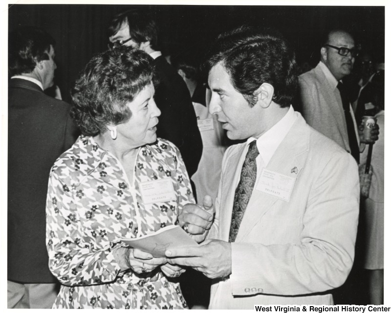 - Congressman Nick Rahall II speaking to an unidentified woman.
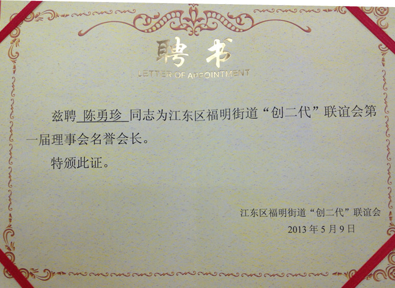 福明街道“創(chuàng)二代”聯(lián)誼會(huì)成立,陳勇珍被聘為名譽(yù)會(huì)長(zhǎng)
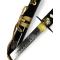 Ito et sageo dorées et saya noire. Lame et saya avec gravures.
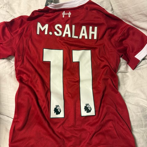 Adidas Liverpool FC fotballdrakt med nummer 9 og navnet Isak på ryggen. Drakten er rød med hvite detaljer, laget i polyestermateriale. Den har Premier League-logo på ermet og Liverpool FC-logo på brystet. Kjøpt på DH gate. Spillerversjonstoff. Størrelse L.
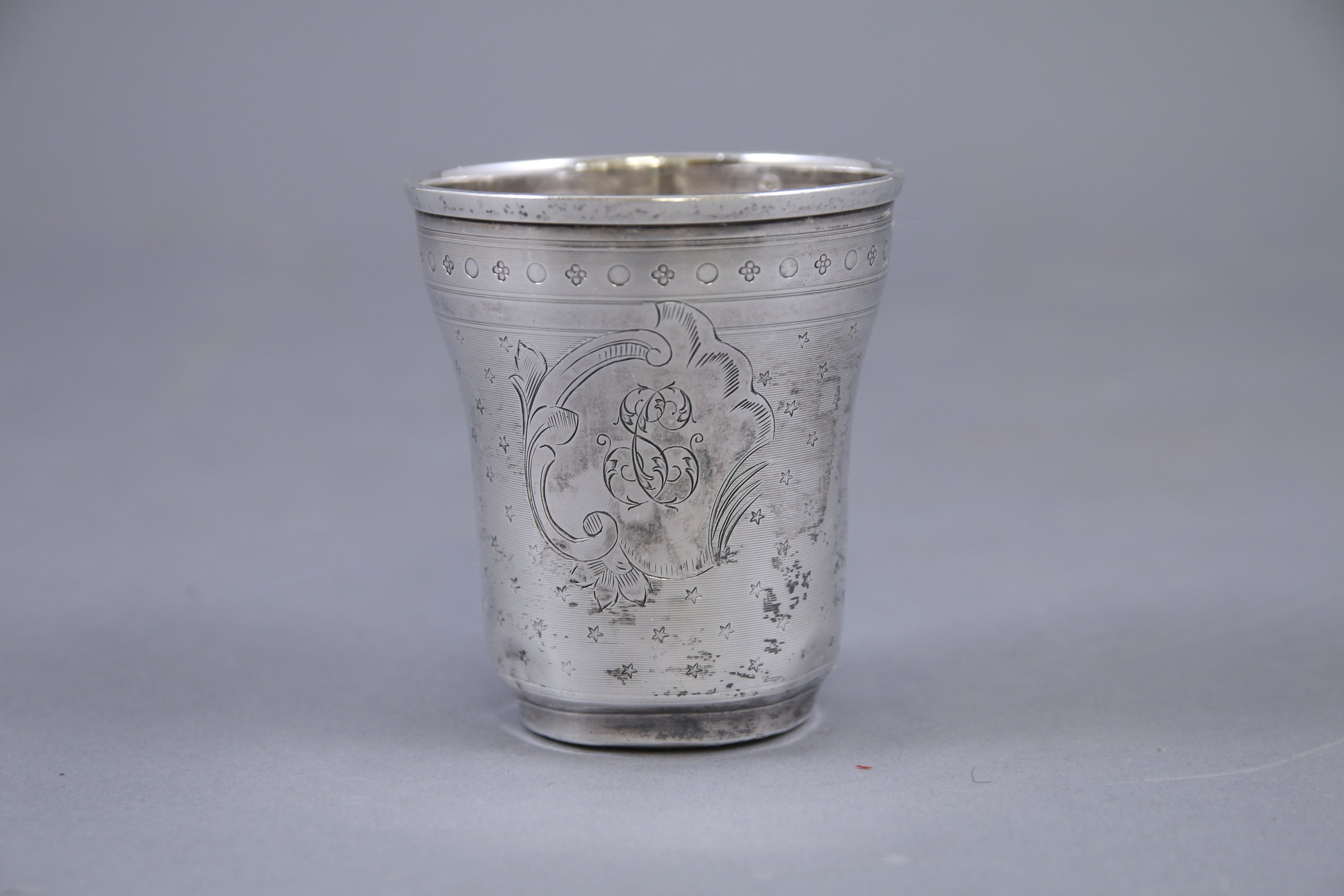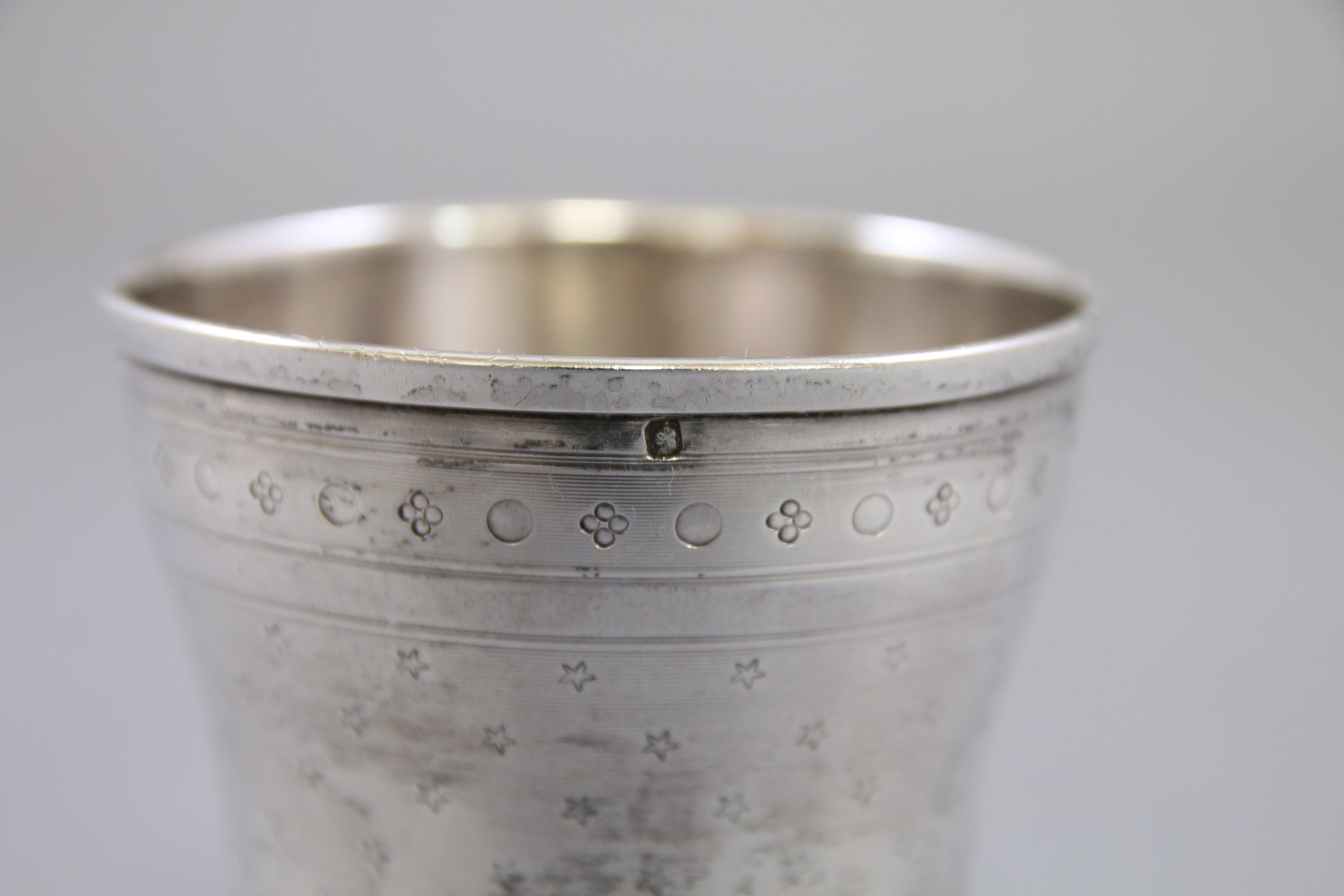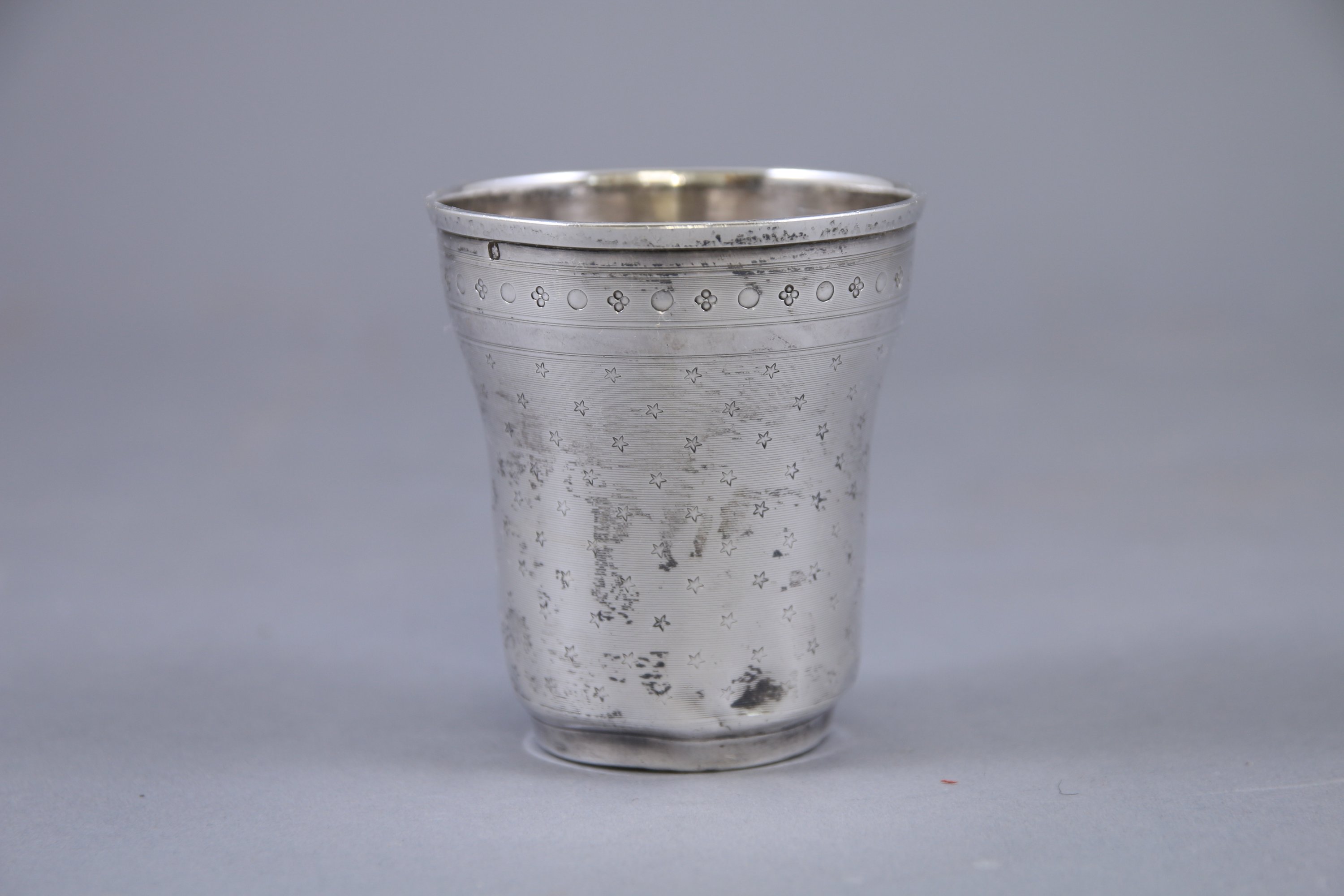Joint: Timbale en argent à fond guilloché à décor d’un semi d’étoiles entourant un cartouche monogrammé « SC ». Numérotée « 24 » au revers. Poinçon: Minerve 1er titre. Orfèvre: HH. Haut. 8 cm. Poids: 73 g. (petits enfoncements)
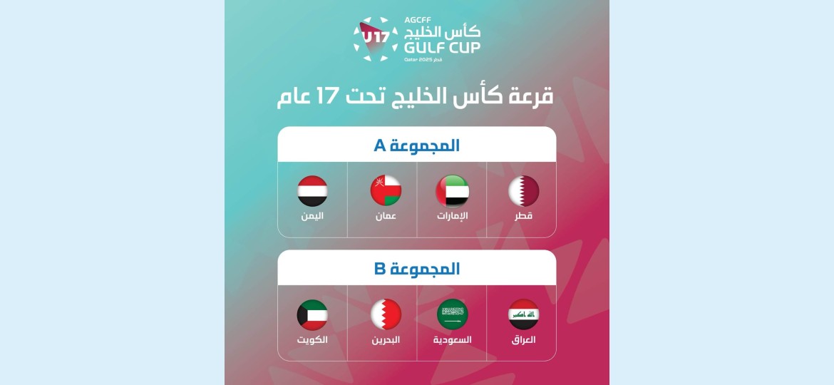 أجريت ظهر اليوم الأربعاء في مقر اتحاد كأس الخليج العربي لكرة القدم بالعاصمة القطرية الدوحة، عبر تقنية الاتصال المرئي (Zoom)، مراسم قرعة بطولة كأس الخليج لمنتخبات الناشئين تحت 17 عامًا، التي تستضيفها قطر خلال الفترة من 20 سبتمبر وحتى 2 أكتوبر 2025، بحضور ممثلي المنتخبات المشاركة.
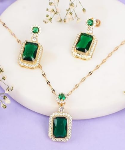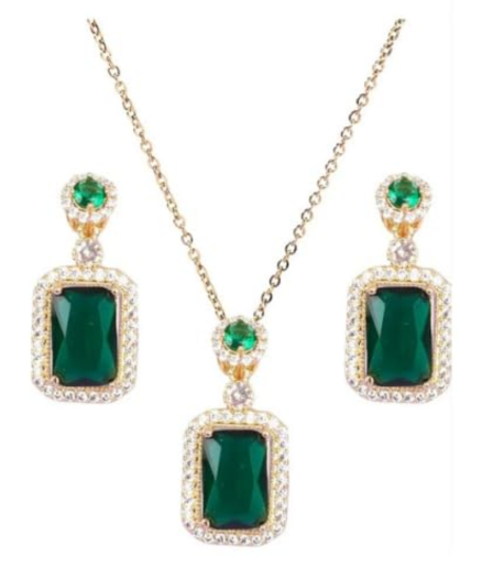 Trendzuri Elegant Emerald Green Pendant Necklace And Earnings
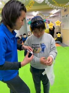 ボールの感触を足で確認してから手で掴んでいるお友だちもいました✨
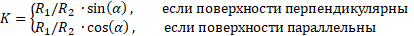 α – angle between the bodies, rad. As a rule, it is determined by the difference between the angles φ1 and φ2 (Figure 1)
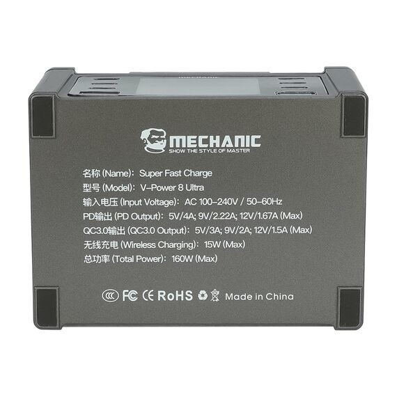 Зарядна станція з індикацією параметрів заряджання Mechanic V-Power 8 Ultra 160W - це універсальне рішення для швидкого та зручного заряджання різних пристроїв. З її допомогою ви зможете одночасно заряджати до восьми гаджетів, завдяки величезній кількості портів і потужної агрегатної потужності в 160 Вт. Станція підтримує як дротову, так і бездротову зарядку, що робить її ідеальною для використання вдома або в офісі.
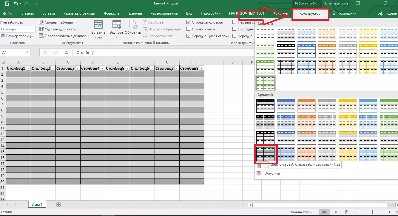 - Форматирование. Функция доступна на вкладке «Конструктор». Предварительно настроенные стили находятся в разделе «Стили таблиц». При желании вы можете сделать собственное форматирование: изменить цвет, отображение кнопки фильтров, строк заголовков и итогов.
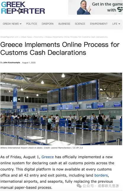 2025年8月1日,希腊全国海关口岸正式告别手写申报时代。在雅典国际机场,首批使用新系统的旅客在海关人员协助下,仅用几分钟就完成了现金申报流程。“新系统比想象中简单,”一位带着两个孩子返回黎巴嫩的女士表示,“以前看到排长队填纸质表格就头疼,现在现场电脑操作,还有工作人员指导。”希腊独立公共收入管理局···
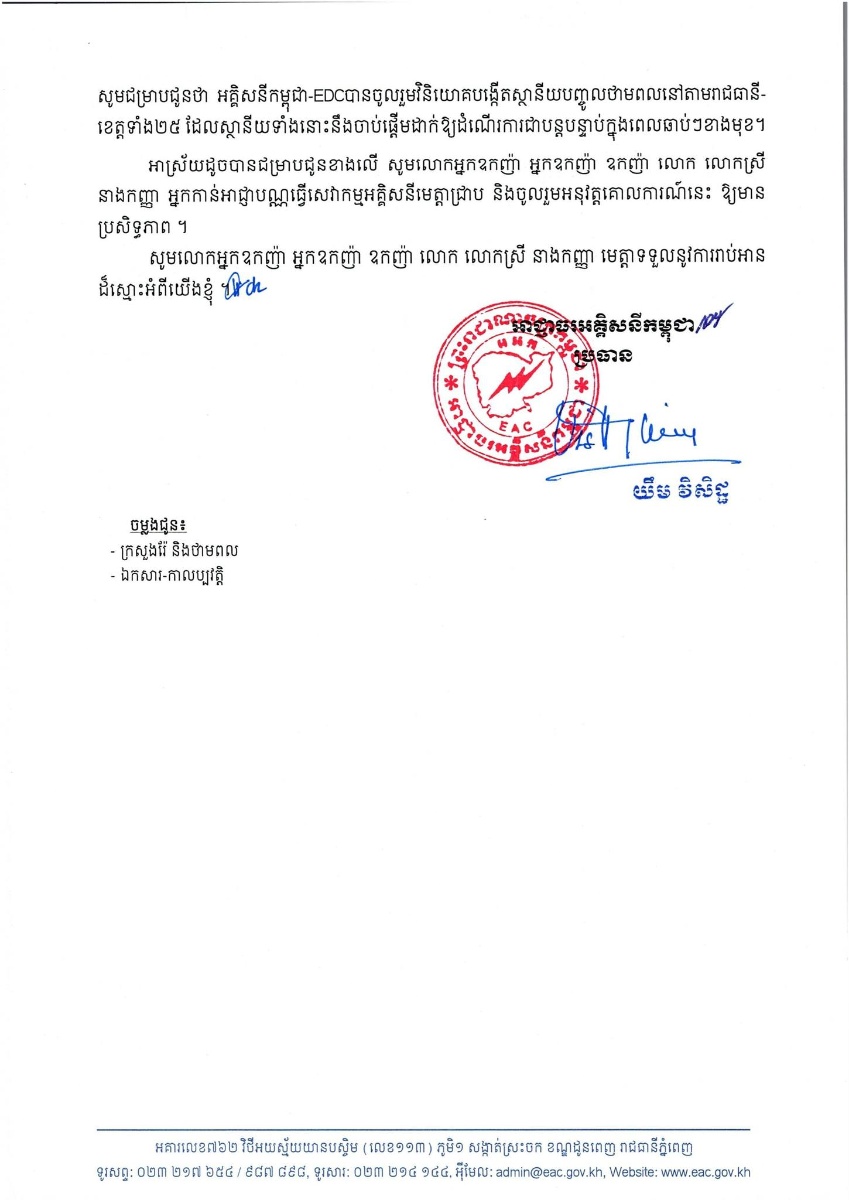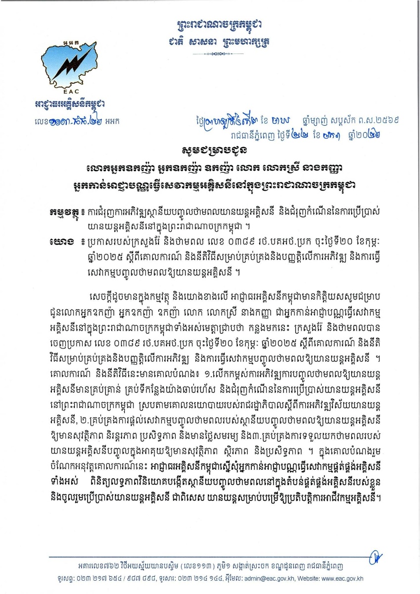 អាជ្ញាធរអគ្គិសនីកម្ពុជា បានជម្រាបជូនលោកអ្នកឧកញ៉ា អ្នកឧកញ៉ា ឧកញ៉ា លោក លោកស្រី នាងកញ្ញ អ្នកកាន់អាជ្ញាបណ្ណ ធ្វើសេវាកម្មអគ្គិសនី នៅក្នុងព្រះរាជាណាចក្រកម្ពុជា ការជំរុញការអភិវឌ្ឍស្ថានីយបញ្ចូលថាមពលយានយន្តអគ្គិសនី និងជំរុញកំណើន នៃការប្រើប្រាស់យានយន្តអគ្គិសនីនៅក្នុងព្រះរាជាណាចក្រកម្ពុជា។
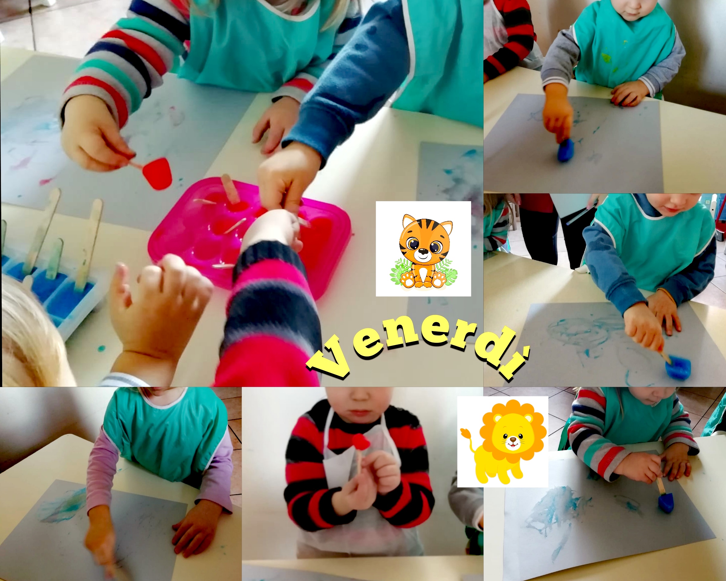 Gruppo leoncini e tigrotti attività espressiva: finalmente il nostro ghiaccio colorato è pronto, lo osserviamo meravigliati e poi lo utilizziamo per disegnare sui fogli. Che bellezza e quanto è freddo il ghiaccio!.
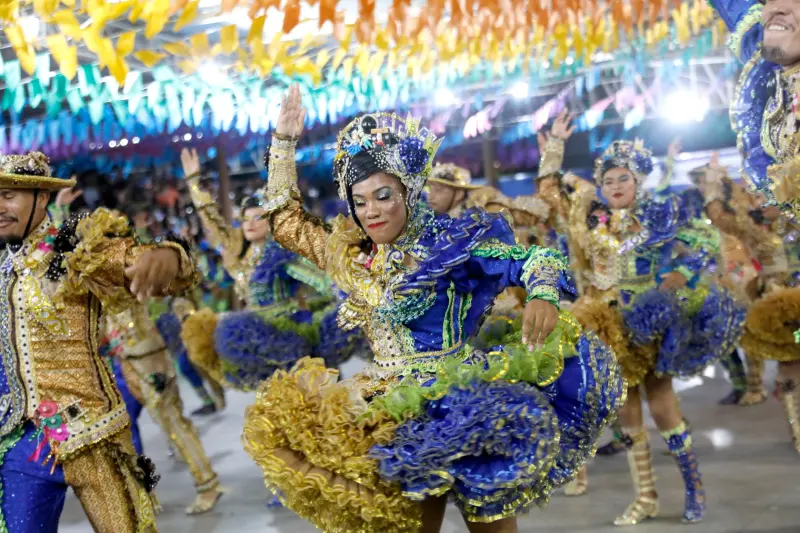 No teatro Margarida Schivasappa, sobem ao palco o Pássaro Japiim e o Cordão de Bicho Borboleta Azul.
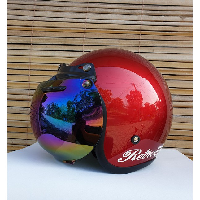 Kelebihan - Kelebihan membeli Helm bogo retro dewasa merah glossy bisa untuk wanita pria cewek cowok di Toko ini
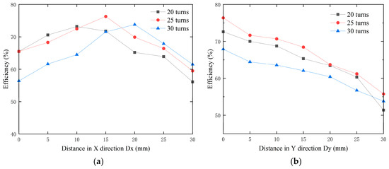 As illustrated in Figure 13a, when the receiving coil remains the same, the system efficiency for different numbers of turns initially increases and then decreases with the increasing misalignment distance along the X-axis. The increase in efficiency during the initial phase is due to the enhanced magnetic coupling resulting from the adjustment of coil positions, whereas the decrease in efficiency during the later phase is attributed to the excessive misalignment weakening the coupling. Additionally, the peak transmission efficiency for the three sets of coils occurs at different misalignment distances. Specifically, the 25-turn coil achieves the highest efficiency of 77% at an X-axis misalignment distance of 15 mm, while the 20-turn and 30-turn coils reach their respective peak efficiencies of only 73% and 74%.

◆ **WORK INSTRUCTIONS**:
A word-for-word copy of the records above is needed, pictures excluded.

◆ **OUTPUT**:
 - Congressman Nick Rahall II speaking to an unidentified woman.
 福明街道“創(chuàng)二代”聯(lián)誼會(huì)成立,陳勇珍被聘為名譽(yù)會(huì)長(zhǎng)
 Ito et sageo dorées et saya noire. Lame et saya avec gravures.
 Adidas Liverpool FC fotballdrakt med nummer 9 og navnet Isak på ryggen. Drakten er rød med hvite detaljer, laget i polyestermateriale. Den har Premier League-logo på ermet og Liverpool FC-logo på brystet. Kjøpt på DH gate. Spillerversjonstoff. Størrelse L.
Joint: Timbale en argent à fond guilloché à décor d’un semi d’étoiles entourant un cartouche monogrammé « SC ». Numérotée « 24 » au revers. Poinçon: Minerve 1er titre. Orfèvre: HH. Haut. 8 cm. Poids: 73 g. (petits enfoncements)
 أجريت ظهر اليوم الأربعاء في مقر اتحاد كأس الخليج العربي لكرة القدم بالعاصمة القطرية الدوحة، عبر تقنية الاتصال المرئي (Zoom)، مراسم قرعة بطولة كأس الخليج لمنتخبات الناشئين تحت 17 عامًا، التي تستضيفها قطر خلال الفترة من 20 سبتمبر وحتى 2 أكتوبر 2025، بحضور ممثلي المنتخبات المشاركة.
 Trendzuri Elegant Emerald Green Pendant Necklace And Earnings
 ボールの感触を足で確認してから手で掴んでいるお友だちもいました✨
 α – angle between the bodies, rad. As a rule, it is determined by the difference between the angles φ1 and φ2 (Figure 1)
 Зарядна станція з індикацією параметрів заряджання Mechanic V-Power 8 Ultra 160W - це універсальне рішення для швидкого та зручного заряджання різних пристроїв. З її допомогою ви зможете одночасно заряджати до восьми гаджетів, завдяки величезній кількості портів і потужної агрегатної потужності в 160 Вт. Станція підтримує як дротову, так і бездротову зарядку, що робить її ідеальною для використання вдома або в офісі.
 - Форматирование. Функция доступна на вкладке «Конструктор». Предварительно настроенные стили находятся в разделе «Стили таблиц». При желании вы можете сделать собственное форматирование: изменить цвет, отображение кнопки фильтров, строк заголовков и итогов.
 2025年8月1日,希腊全国海关口岸正式告别手写申报时代。在雅典国际机场,首批使用新系统的旅客在海关人员协助下,仅用几分钟就完成了现金申报流程。“新系统比想象中简单,”一位带着两个孩子返回黎巴嫩的女士表示,“以前看到排长队填纸质表格就头疼,现在现场电脑操作,还有工作人员指导。”希腊独立公共收入管理局···
 អាជ្ញាធរអគ្គិសនីកម្ពុជា បានជម្រាបជូនលោកអ្នកឧកញ៉ា អ្នកឧកញ៉ា ឧកញ៉ា លោក លោកស្រី នាងកញ្ញ អ្នកកាន់អាជ្ញាបណ្ណ ធ្វើសេវាកម្មអគ្គិសនី នៅក្នុងព្រះរាជាណាចក្រកម្ពុជា ការជំរុញការអភិវឌ្ឍស្ថានីយបញ្ចូលថាមពលយានយន្តអគ្គិសនី និងជំរុញកំណើន នៃការប្រើប្រាស់យានយន្តអគ្គិសនីនៅក្នុងព្រះរាជាណាចក្រកម្ពុជា។
 Gruppo leoncini e tigrotti attività espressiva: finalmente il nostro ghiaccio colorato è pronto, lo osserviamo meravigliati e poi lo utilizziamo per disegnare sui fogli. Che bellezza e quanto è freddo il ghiaccio!.
 No teatro Margarida Schivasappa, sobem ao palco o Pássaro Japiim e o Cordão de Bicho Borboleta Azul.
 Kelebihan - Kelebihan membeli Helm bogo retro dewasa merah glossy bisa untuk wanita pria cewek cowok di Toko ini
 As illustrated in Figure 13a, when the receiving coil remains the same, the system efficiency for different numbers of turns initially increases and then decreases with the increasing misalignment distance along the X-axis. The increase in efficiency during the initial phase is due to the enhanced magnetic coupling resulting from the adjustment of coil positions, whereas the decrease in efficiency during the later phase is attributed to the excessive misalignment weakening the coupling. Additionally, the peak transmission efficiency for the three sets of coils occurs at different misalignment distances. Specifically, the 25-turn coil achieves the highest efficiency of 77% at an X-axis misalignment distance of 15 mm, while the 20-turn and 30-turn coils reach their respective peak efficiencies of only 73% and 74%.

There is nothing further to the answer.